Нет, ну правда, что ему от меня надо ещё?! Что им всем от меня надо?!

- Ничего, - спокойно, негромко, отвечает, старик и согнутым пальцем руки дотрагивается до своего носа. Серьёзного такого носа.

Я поворачиваю голову и вижу, что мужики в палате все на нас смотрят. Внимательно так смотрят. Я мысленно выругался и нашёл взглядом Пережогина. Классный мужик. Несмотря на тяжёлое ранение капитан вывел нас из окружения. Мы по дороге покрошили польских и шведских наёмников. Были ещё какие-то маленькие, смуглые, но мы так и не поняли откуда их к нам нелёгкая принесла.

Капитан мой взгляд истолковал правильно и опираясь на костыль (на правой ноге он таскал аппарат Илизарова) громко, на всю палату, привычным командовать тоном, произнёс:

- Чего уставились? Цирк что ли? Быстро занимайтесь своими делами!

Ребята сразу рассосались кто книгу читать лёг, кто в телефоне принялся тыкаться, Олег со Славой сели чай пить в углу. Пережогин сам отошёл к окошку и начал тихонечко курить, стряхивая пепел в крышечку от сока «Добрый: грейпфрут». Вообще-то нам курить в палате не разрешалось, но вчера лифт сломался, за туалетами зорко следила старшая сестра Сколопендра Ивановна, а по лестнице ему с такой хераброй на ноге ни за что не спуститься.

Поворачиваюсь к монаху, а он всё на меня смотрит. Пристально! Да что ему надо-то?! Как его там? Киприан вроде! Ничего себе имечко!

- ЧТО? – снова спрашиваю и неожиданно заливаюсь краской от смущения, будто быдло какое «штокаю», «штокаю» (тут ещё снова напомнила о себе сильной ноющей болью нога и я разозлился). – Исповедоваться не собираюсь! Я вообще в бога не сильно верю! Я такое видел… все мы такое видели… если бы бог существовал на самом деле вряд ли бы допустил такое!

- Ой, дурак! – негромко произнёс кто-то из пацанов, и я тут же вспомнил, что монахи ни исповедовать, ни благословлять не уполномочены.

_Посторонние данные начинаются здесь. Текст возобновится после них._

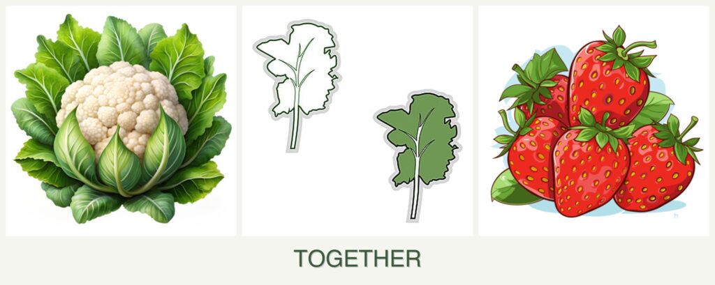 - Growth Requirements: Cauliflower and kale are both members of the Brassica family and have similar needs, such as cool weather and rich soil. Strawberries, while different, can complement these vegetables by filling in spaces and providing ground cover.

А монах Киприан только вздохнул и произнёс:

- Это ничего, Сева. Главное, что он в тебя верит. Я уверен.

- Кто?

- Господь.

- Да нет его! Если бы был разве творилось бы такое!? Разве этих гадов носила бы земля?!

- Так помимо зла есть и добро. Добро накажет зло и расставит всё на свои места.

Сказано это было как-то по-особенному. По-простому что ли. На проповедь совсем не похоже.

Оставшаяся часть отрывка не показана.